UK’s Social Stock Exchange is planning to list international companies

Future World Giving

David Cameron at the G8 Social Impact Investment Forum. Image from The Prime Minister’s Office via Flikr

The UK’s Social Stock Exchange (SSE), an online portal seeking to link investors with companies that are making a positive social impact, is planning to expand its membership to international companies.

 

By listing companies that, whilst seeking to turn a profit, also have “social and environmental aims at the core of their activities”, SSE aims to appeal to people who want their investments to have a positive impact on society and the environment. It is hoped that the Social Stock Exchange will facilitate a continued growth in social investment which, according to a survey by JP Morgan is projected to have grown from $8 billion in 2012 to $9 billion this year.

 

The move to internationalise SSE has come following the support of UK Prime Minister David Cameron who expressed his desire for London to  “cement its place as the home for social finance” at SSE’s launch, just before of this year’s G8 Summit.

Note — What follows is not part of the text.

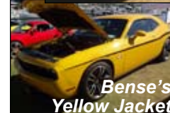
Bense's Yellow Jacket

Pradeep Jethi, chief executive of the SSE is quoted in a recent Financial Times article saying “we are looking at companies listed on Nasdaq OMX, NYSE Euronext and Deutsche Börse.”

 

Companies that would like to join the 11 current members in being listed on the SSE portal must apply for membership with applications reviewed by an independent admissions panel made up of ” finance and social sector experts”. In addition, prospective members are expected to produce an impact report detailing:

 

  1. The social or environmental  purpose of the company and the impact it will deliver
  2. Who benefits as a result of the company’s social impact
  3. How a company’s products, services, and operations deliver that social impact
  4. How a company involves and consults with all its stakeholders
  5. What evidence a company has of its social impact and how that is collected, measured and reported

 

SSE is a welcome venture in the nascent social investment market and will help to both raise the profile of and establish standards in ethical investing. However, as pointed out in a recent Guardian blog, the requirement for companies to be listed on the stock exchange rules out “almost every social enterprise in existence”. Nevertheless, SSE represents a useful addition to the social investment landscape and its expansion to include companies listed on foreign stock exchanges is an interesting and potentially significant development.